Thank you very much for accepting, and also thank you for accepting to speak at such a late hour. It’s almost like, as you said, a late night David Letterman Show.

It’s true, but it’s good.

Let’s start with a short introduction about yourself and your PhD research.

I started my PhD research at the University of Turin. Everything hasstarted during the economic crisis in 2011, I was just come back from the Maastricht University where I spent a period within the Erasmus Program, and the focus on Italy was really high, because everybody was scared about Italian historical deficiencies, such as corruption or inefficiencies in the public sector, so I tried to discover what really went wrong in the Italian public sector, and I decided to draw my attention on public contracts and corruption. To this end, I decided to focus on anti-corruption systems and particularly on an anti-corruption system that really works well, as the United States was, and for this reason, I spent a visiting period at the George Washington University under the supervision of great teachers, as Professor Schooner and Professor Yukins, and there I developed some conclusion about corruption, public procurement and public policy.

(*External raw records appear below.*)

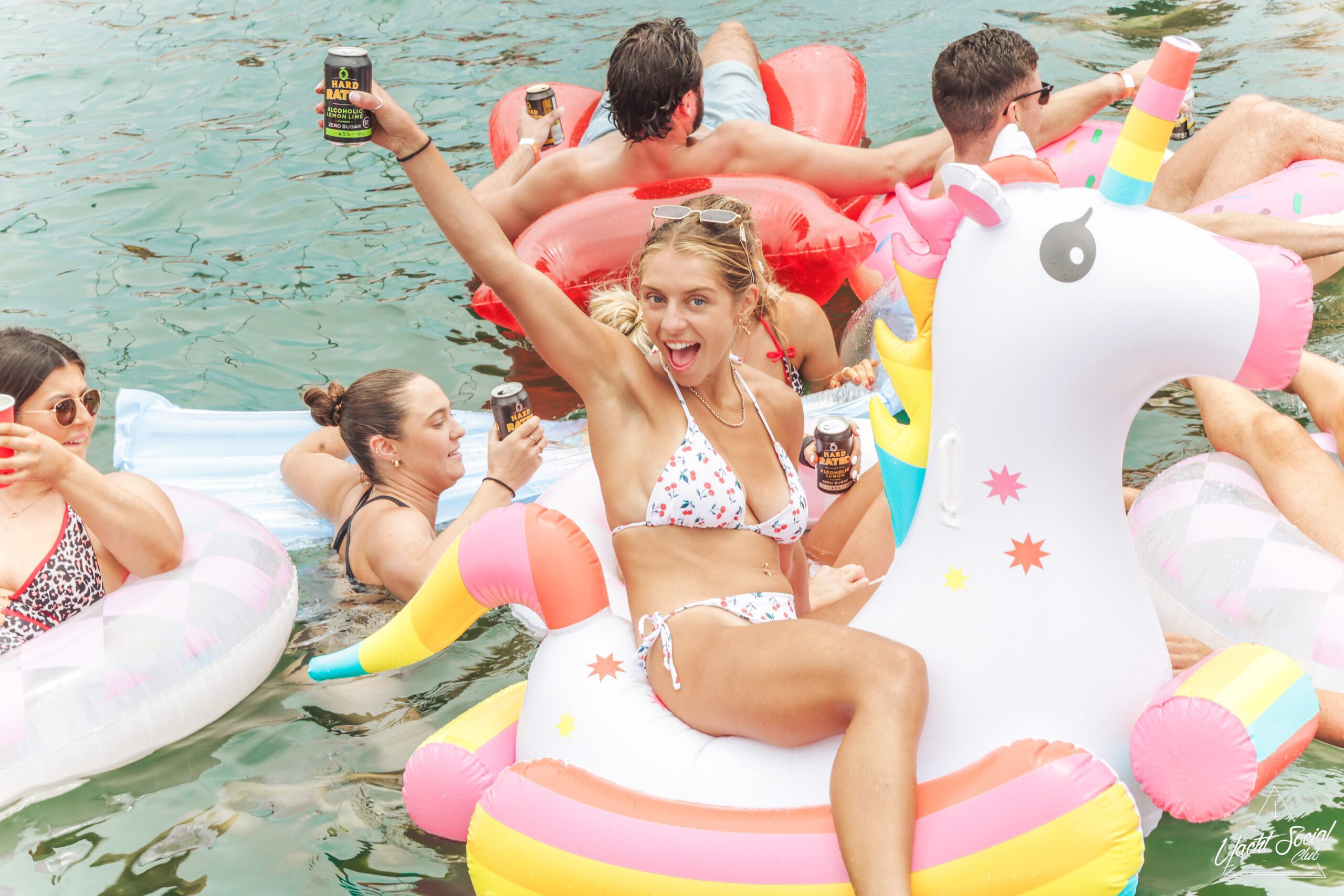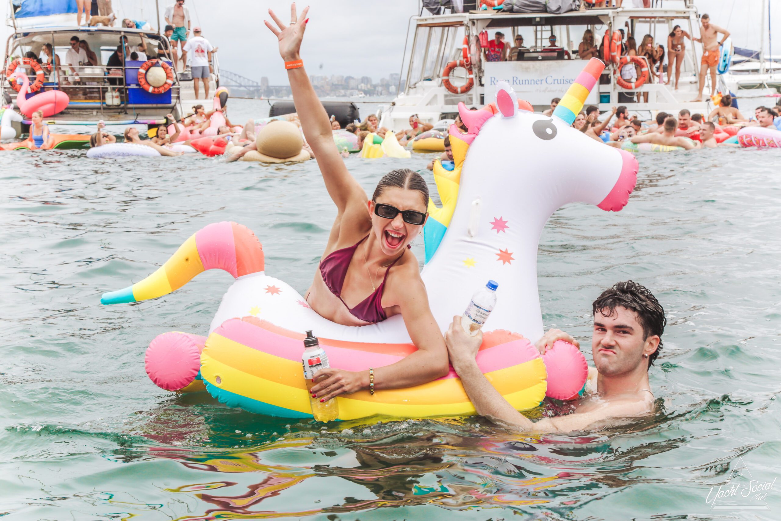 A group of women in swimsuits enjoy a lively boat party, some holding drinks and inflatable pool floats, with a unicorn float in the foreground and another boat visible on the water nearby.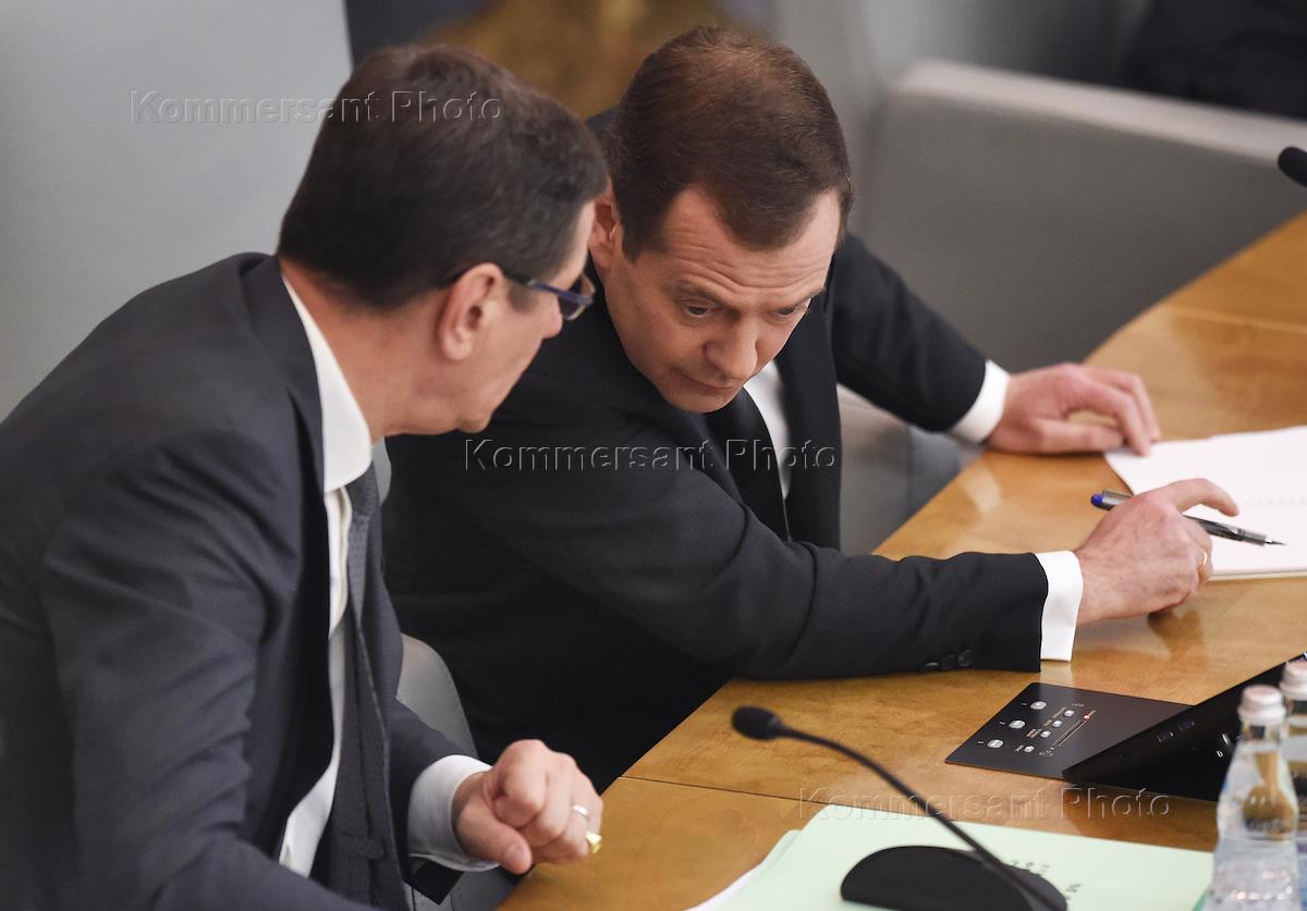 Пленарное заседание Государственной думы (ГД) России с участием председателя правительства России Дмитрия Медведева. Первый заместитель председателя ГД России Александр Жуков (слева) и председатель правительства России Дмитрий Медведев (справа) во время заседания.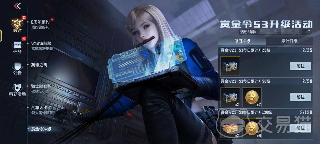 2、充级技巧:如果大家想要以最低的代价拿到更多的奖励,那么新赛季开始之前确保有45级左右的赏金积分卡,第二阶段初期发力本阶段的任务目标是在赛季初的冲击活动中尽量升到150级。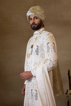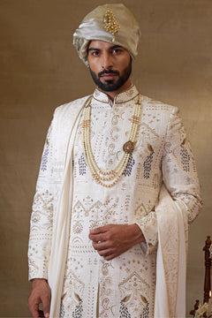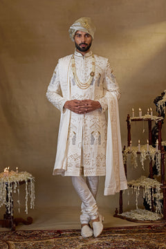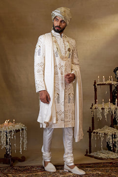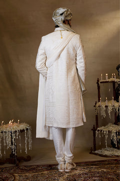 Featuring Gardenia White embroidered Sherwani set , it is paired with matching silk kurta , churidar and stole
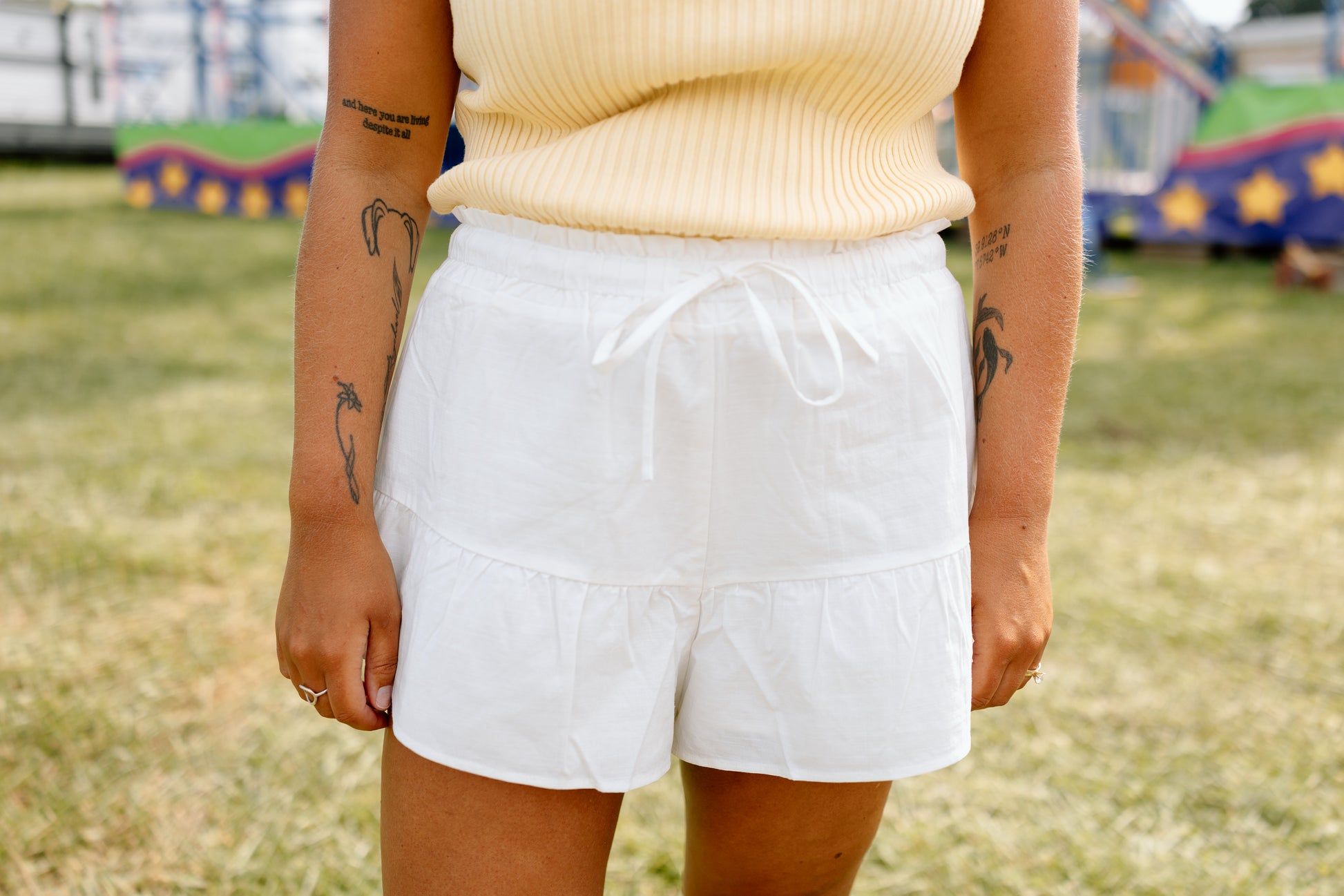Get ready for the weekend in these gently flared shorts. The best feminine silhouette. Elastic band waist. 3" inseam. In between sizes? Go to your smaller.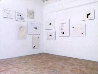 — Florin Tudor & Mona Vatamanu, Ploaia (The Rain), 2005. Performance, vidéo : 3’42, dessins (21 x 29,7 cm chaque) et carnet sous vitrine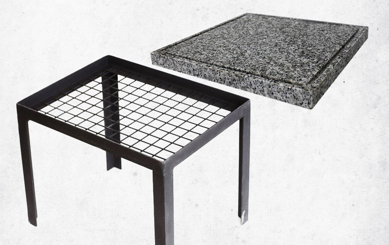 Železný stojánek je vyrobený tak aby do něj grilovací, pečící kámen přesně zapadl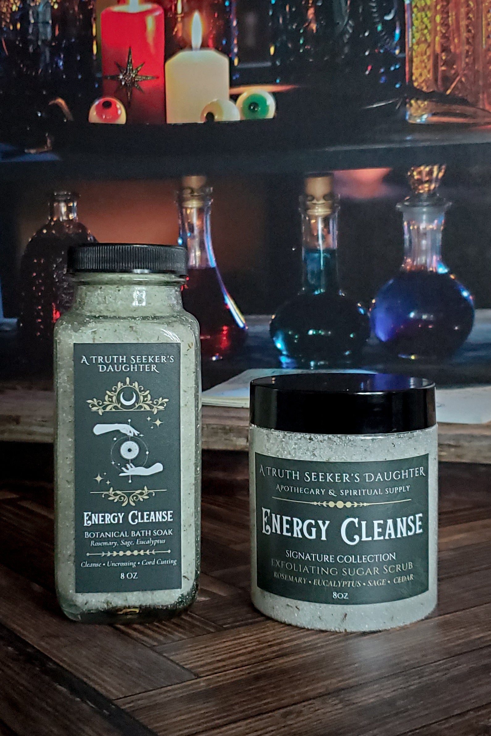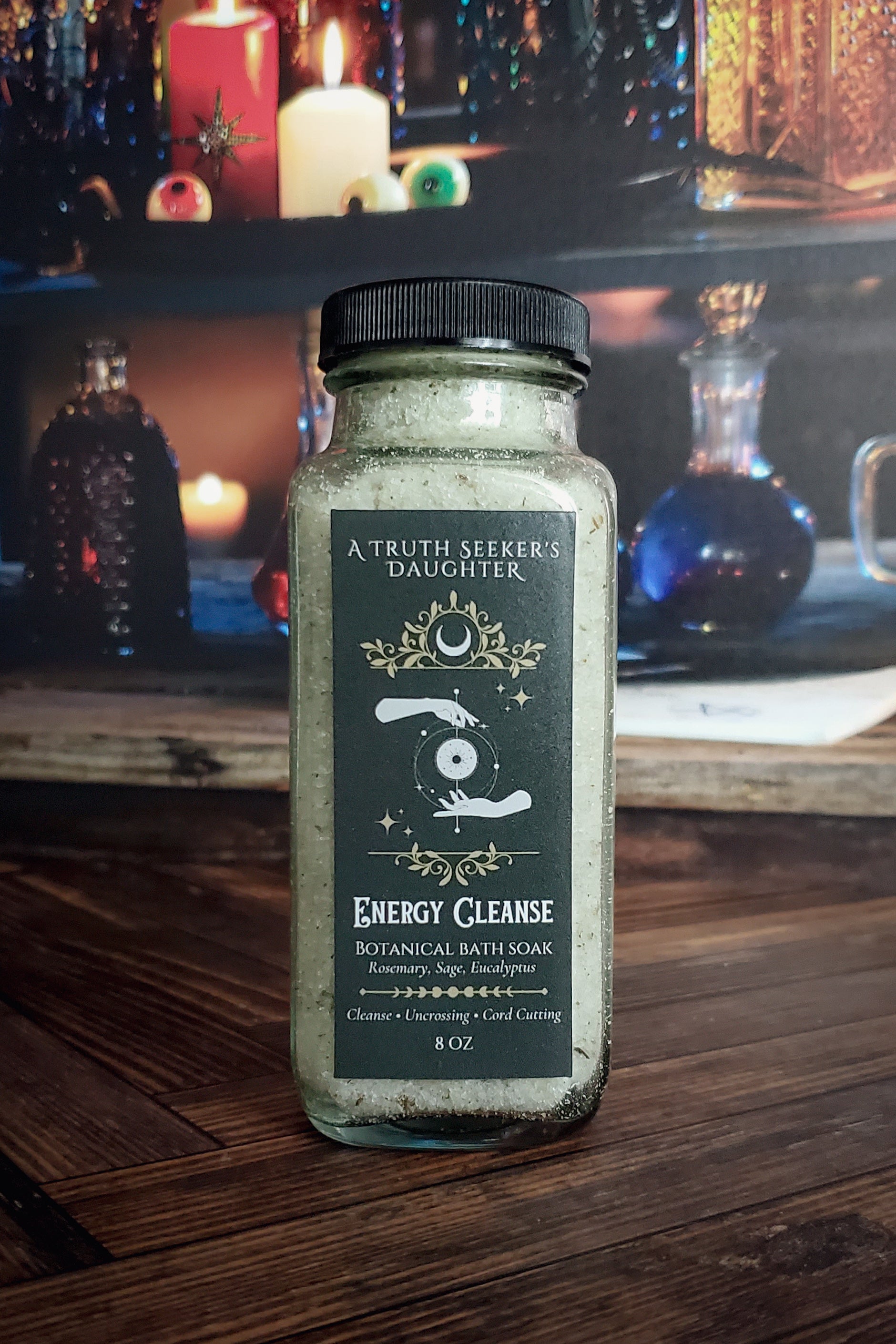Immerse yourself in the sacred waters of our Energy Cleanse Ritual Bath Soak. Crafted with a blend of power-house purifying botanicals: rosemary, garden sage, eucalyptus, and cedar, this enchanting bath soak is a gateway to deep purification and renewal.

Once I came back to Italy in 2014, I was able to compare these two anti-corruption systems and focus more on corruption in public procurement. What does it mean? Which kind of frame we can think about it, and which is going to be the next direction of public procurement and anti-corruption tools? My PhD thesis, at the very end, really focused on compliance and ethics programs. They could be considered a broad and flexible anti-corruption tool. It is really interesting that anti-corruption programs, as compliance and ethics programs, moved from one legal system to another one, from the United States they have been spread all around the world and they have been implemented in Italy, in the United Kingdom, in Germany as well as in Japan and in Australia. It’s really interesting also noting that anti-corruption programs have been moved twice; there has been a double legal transposition, for instance, in Italy. From the United States to Italy, and from the private sector also to the public sector. So now we’ve got compliance programs both in public and in private sector in Italy. 

Let’s focus for a minute on those compliance programs. What do they entail? What’s included in them?

Compliance programmes are an interesting topic, because they bridge together criminal law, administrative law and public procurement law. Compliance programs were born in the United States legal framework for avoiding the corporate liability in case of an employee misconduct. The legal assumption at the basis of compliance programs is the criminal law principle of corporate liability. Due to that, if an employee commits a crime, he acts on behalf of the corporation, and if the crime can advantage the corporation itself, also the corporation has to face a trial. Corporations are therefore held accountable for the crimes committed by the employees unless an effective and compliance programs is implemented. To this end, a compliance programs consists in a set of tools such as code of conduct, training programs, auditing, reporting, disciplinary measures, directed to prevent and to repair the employee misconduct such as corruption, for example. By criminal point of view, a criminal law point of view, by adopting an effective and compliance programs, corporations may demonstrate to have used all the force needed to prevent misconducts or crimes such as corruption.

Do you apply the compliance programs before the crime occurs, or after the crime occurs as a means to reduce the impact of the crime?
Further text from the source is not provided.